Die Organisation Zegota konnte Irena Sendler durch Zahlung von Bestechungsgeldern an zwei SS-Männer, die sie am Tag der Hinrichtung laufen ließen, freibekommen.
Von der offiziell vollzogenen Hinrichtung erfuhr sie später über Anzeigetafeln der Besatzer. Irena Sendler änderte daraufhin ihre Identität und lebte unter falschem Namen bis zum Ende des Krieges im Untergrund.
Im Jahr 1965 wurde Irena Sendler von Yad Vashem mit dem Titel Gerechte unter den Völkern geehrt.
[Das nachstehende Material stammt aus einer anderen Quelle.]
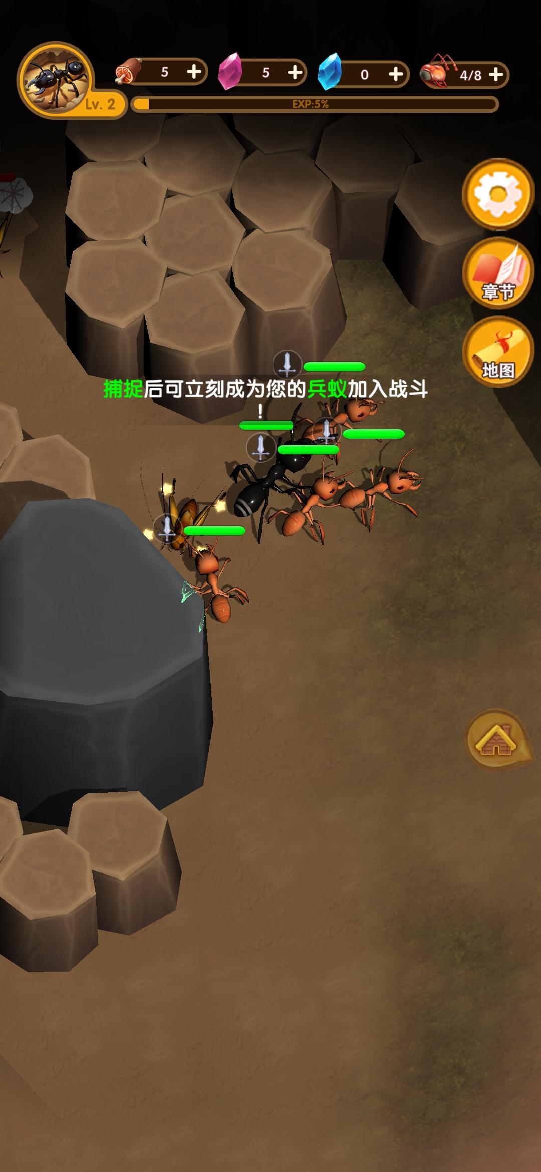 各位玩家们大家好!我们《蚂蚁大冒险》的第二次测试已经在今天如期和大家见面啦~本蚁也是在昨天就连夜体验了我们新优化后的游戏,并且也是马不停蹄地写好了一篇较为详细的新手攻略,希望能给大家在本轮游戏测试的体验中,带来一点小小的帮助✿✿ヽ(°▽°)ノ✿1、资源篇矿石-游戏内的矿石都是用来提升兵营的等级的,可以提高兵蚁的攻击力,然后在地图上的很多地方都有矿石,一定要采集矿石,也可以召集工蚁帮忙采集果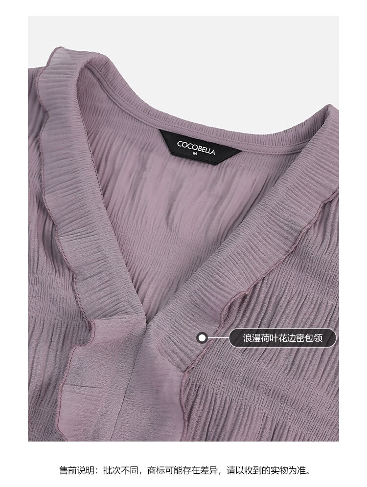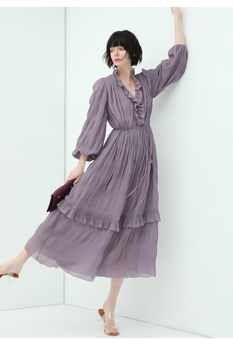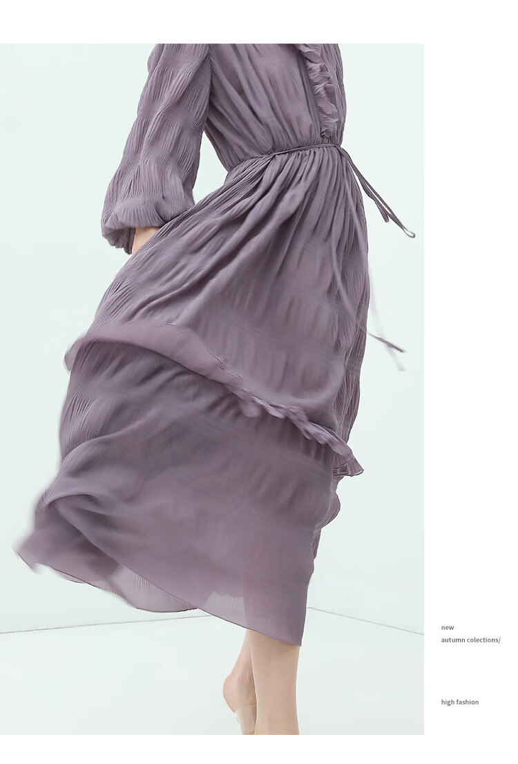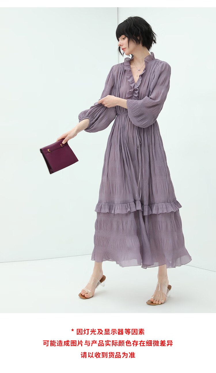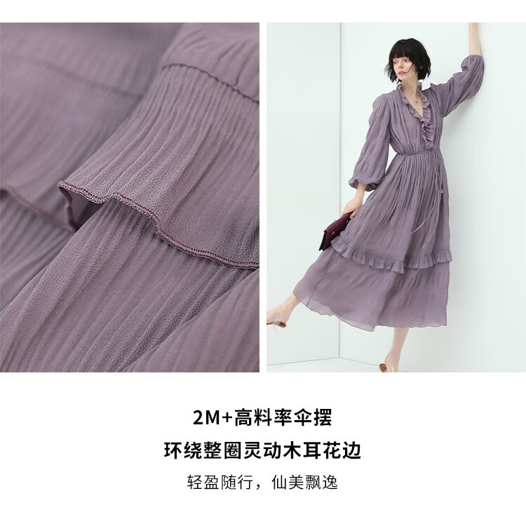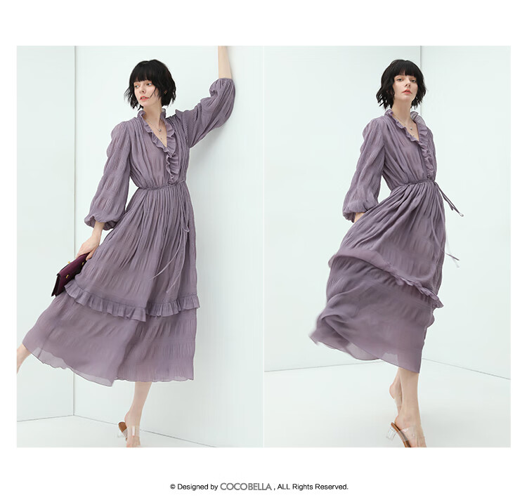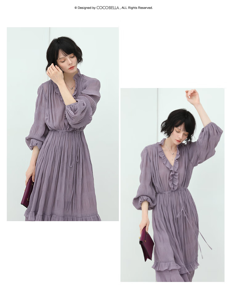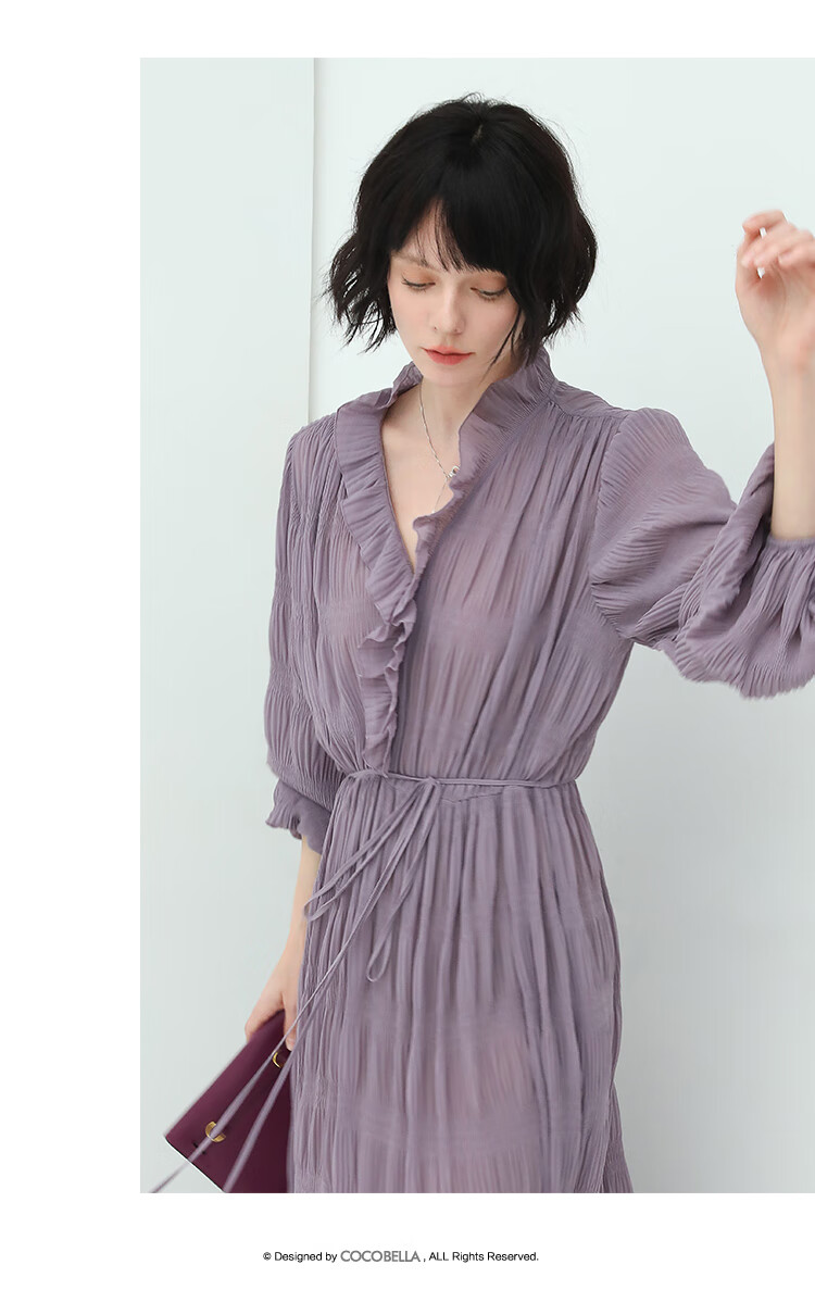 COCOBELLA宫廷风重工压褶木耳边连衣裙秋优雅轻熟茶歇裙FR570

Am 10. November 2003 erhielt sie mit dem Weißen Adler für Tapferkeit und großen Mut die höchste Auszeichnung Polens. 2007 wurde sie vom Warschauer Senat geehrt und war eine von 181 Nominierten für den Friedensnobelpreis 2007. Zudem erhielt sie 2007 die internationale Auszeichnung „Kavalier des Ordens des Lächelns“.
Auf die Frage der Schüler/innen warum Irena Sendler für diese Kinder ihr Leben riskierte antwortete die Autorin:
"Ihr Vater starb, als Irena sieben Jahre alt war. Aber sie prägte sich für immer seine Worte ein, dass man Menschen nur in gute und schlechte einteilt. Nationalität, Rasse, Religion haben keine Bedeutung. Nur was für ein Mensch jemand ist." Das Motto ihres Vaters sollte Irena für immer prägen. "Es ist immer deine erste Pflicht, einem in Not geratenen Menschen die Hand hinzustrecken."